Towards Generalized Multi-stage Clustering: Multi-view Self-distillation
Jiatai Wang, Zhiwei Xu, Xin Wang, Tao Li

TL;DR
This paper introduces a multi-view self-distillation framework for multi-stage clustering that enhances robustness and accuracy by correcting pseudo-label errors and leveraging contrastive learning.
Contribution
The proposed DistilMVC framework innovatively combines self-distillation with contrastive learning to improve multi-view clustering performance and generalization.
Findings
Outperforms state-of-the-art clustering methods on real-world datasets.
Effectively reduces pseudo-label overconfidence and misguidance.
Enhances model robustness and generalization in multi-view clustering.
Abstract
Existing multi-stage clustering methods independently learn the salient features from multiple views and then perform the clustering task. Particularly, multi-view clustering (MVC) has attracted a lot of attention in multi-view or multi-modal scenarios. MVC aims at exploring common semantics and pseudo-labels from multiple views and clustering in a self-supervised manner.
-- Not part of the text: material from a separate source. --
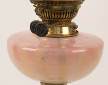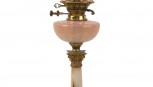 onyx and gilt metal column base, pink glass font, black button double burner with bayonet mount and acid etched shade,
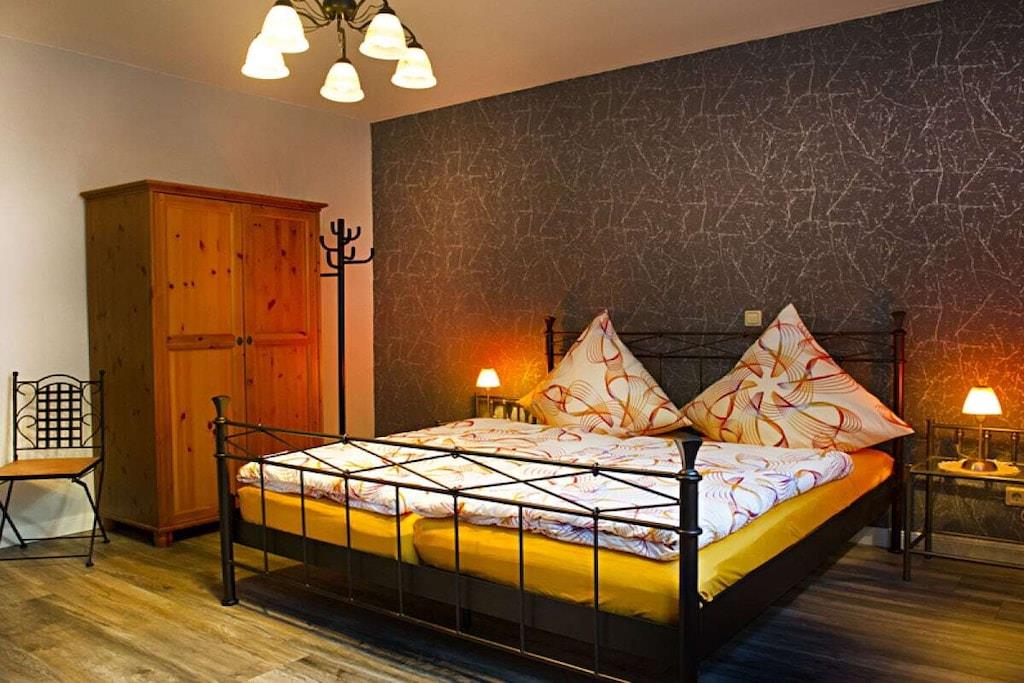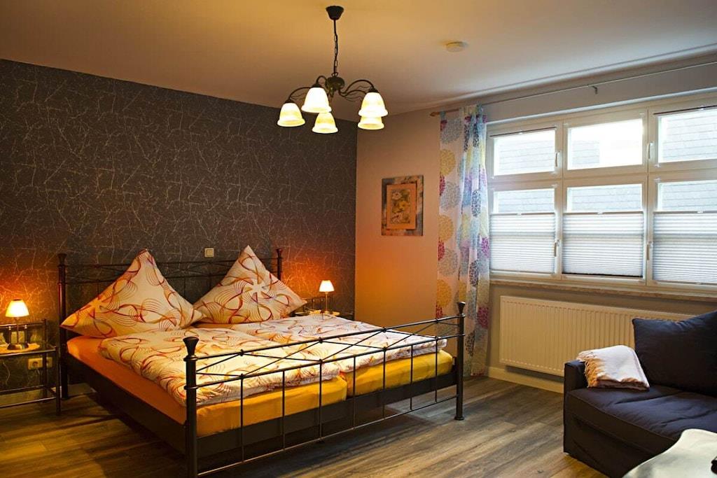 Die im Hochpaterre gelegene Ferienwohnung ist 55 m² groß und teilt sich auf in Schlafzimmer, Wohnzimmer, Küche, Duschbad und Flur. Die Ferienwohnung ist ausgestattet für zwei Personen. Auf dem Schlafsofa im Wohnzimmer können bequem zwei weitere Gäste übernachten. In der Küche finden Sie außer einer neuen Küchenzeile mit Backofen, Geschirrspüler, Kühlschrank und diversen Kleinelektrogeräten Zu Ihrer Unterhaltungselektronik gehören im Wohnzimmer ein Flachbildfernseher, eine Stereoanlage und ein DVD-Player. Im Schlafzimmer befindet sich ein weiterer Flachbildfernseher Das kleine Duschbad ist neu eingerichtet Bettwäsche, Fön, Hand- und Duschtücher stellen wir Ihnen kostenlos zur Verfügung Ihr Auto können Sie in der Nähe parken, mit kostenlosen Parkausweis. Ihr Motorrad oder Ihr Fahrrad steht bei uns sicher auf dem abgeschlossen Hof.

However, limited by noisy data and inadequate feature learning, such a clustering paradigm generates overconfident pseudo-labels that mis-guide the model to produce inaccurate predictions. Therefore, it is desirable to have a method that can correct this pseudo-label mistraction in multi-stage clustering to avoid the bias accumulation. To alleviate the effect of overconfident pseudo-labels and improve the generalization ability of the model, this paper proposes a novel multi-stage deep MVC framework where multi-view…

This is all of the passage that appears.